背景:我们常用 HashMap 作为我们Java开发时的 K-V 数据存储结构(如 id-person,这个 ID 对应这个人)。我们知道他们的数据结构么,它的 Hash 值是什么意义。Hash 冲突是怎么解决的。我们带着这 2 个问题将 HashMap 做个整体剖析。(其实还有一个问题是,它怎么进行动态扩容的)
一、HashMap 的数据结构是什么。
下面是 HashMap 中的源码。
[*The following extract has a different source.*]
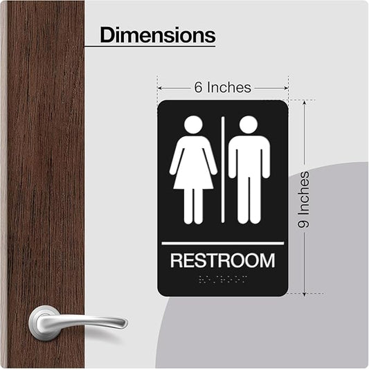 ADA Braille Unisex Restroom Signs for Business with Double Sided 3M Tape - ABS Plastic Gender Neutral Bathroom Sign 9” x 6”- Pack of 10 for Offices and Restaurants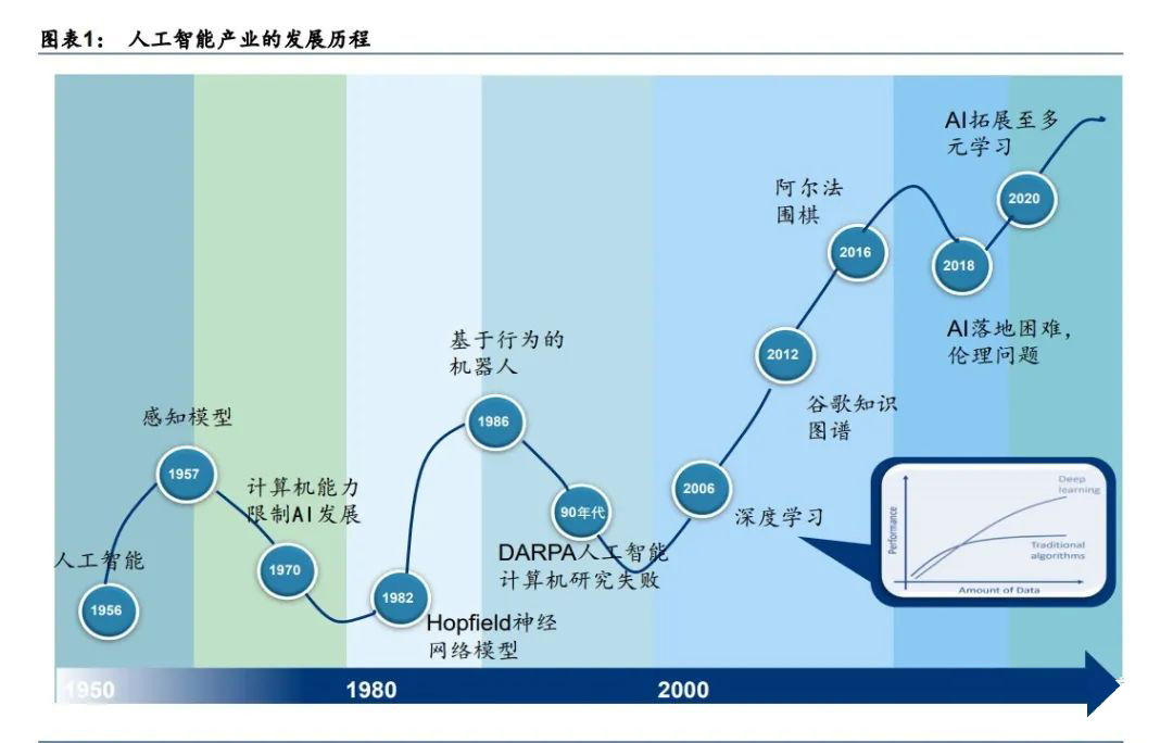 过去十年 AI 产业迎来了历史上第三波,也是 70 多年发展中最快速的一波发展。基于深度 学习理论,AI 在数据的驱动下,在人脸识别、文本翻译等特定领域已经达到甚至超过人类 的准确度,同时拥有远超人类的效率。芯片的制程升级和代工模式的发展也使得大数据下 的 AI 得以落地。同时AI 也在改变互联网生态后在软硬件领域拉开帷幕,开始重塑安防等领 域。而 AlphaGo 人机博弈等也帮助 AI 概念的普及。总结看,随着深度学习算法的提出和半 导体行业的突破,叠加成功的内容宣传,过去十年 AI 从专业的技术理论到产业化落地,再到大众认知,形成了跨越式的发展。

其实 HashMap 的本质是 Node 数组;K-V 结构对应的基础数据结构就是以下源码
transient HashMap.Node<K, V>[] table; static class Node<K,V> implements Map.Entry<K,V> { //Hash 值 final int hash; //Key 值 final K key; //Value 值 V value; //当前 Node 对应的下个 Node(用于解决 Hash 冲突;稍后讲解) Node<K,V> next; Node(int hash, K key, V value, Node<K,V> next) { this.hash = hash; this.key = key; this.value = value; this.next = next; } public final int hashCode() { return Objects.hashCode(key) ^ Objects.hashCode(value); } }
根据上面代码我们知悉,HashMap 中基本的数据结构是 Node。
Map persons = new HashMap<String,String>(); //put 方法会新建一个 Node //hash=k.hashCode() ^ k >>> 16 ; hash 是数组所在位置 //K="1",V="jack";next=null;(无 Hash 冲突情况) persons.put("1","jack"); persons.put("2","john");
上述的 Node 数据结构中的 hash 值的意义是将 Node 均匀的放置在数组[]中。获得 hash 值后使用在 table[(n – 1) & hash] 位置置值。
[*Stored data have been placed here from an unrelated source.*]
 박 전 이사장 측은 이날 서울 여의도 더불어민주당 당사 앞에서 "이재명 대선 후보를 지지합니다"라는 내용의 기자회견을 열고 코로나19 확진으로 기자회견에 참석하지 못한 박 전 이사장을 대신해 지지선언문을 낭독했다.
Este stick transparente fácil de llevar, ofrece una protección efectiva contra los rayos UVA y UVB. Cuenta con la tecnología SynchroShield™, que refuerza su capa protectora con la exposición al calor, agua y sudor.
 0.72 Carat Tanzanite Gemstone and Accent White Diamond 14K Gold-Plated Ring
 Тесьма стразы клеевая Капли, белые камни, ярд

/** * Computes key.hashCode() and spreads (XORs) higher bits of hash * to lower. Because the table uses power-of-two masking, sets of * hashes that vary only in bits above the current mask will * always collide. (Among known examples are sets of Float keys * holding consecutive whole numbers in small tables.) So we * apply a transform that spreads the impact of higher bits * downward. There is a tradeoff between speed, utility, and * quality of bit-spreading. Because many common sets of hashes * are already reasonably distributed (so don't benefit from * spreading), and because we use trees to handle large sets of * collisions in bins, we just XOR some shifted bits in the * cheapest possible way to reduce systematic lossage, as well as * to incorporate impact of the highest bits that would otherwise * never be used in index calculations because of table bounds. */ static final int hash(Object var0) { int var1; return var0 == null?0:(var1 = var0.hashCode()) ^ var1 >>> 16; }
二、HashMap 怎么处理 hash 冲突
上述说道,Node 中的 hash 值是用 hash 算法得到的,目的是均匀放置,那如果 put 的过于频繁,会造成不同的 key-value 计算出了同一个 hash,这个时候 hash 冲突了,那么这 2 个 Node 都放置到了数组的同一个位置。HashMap 是怎么处理这个问题的呢?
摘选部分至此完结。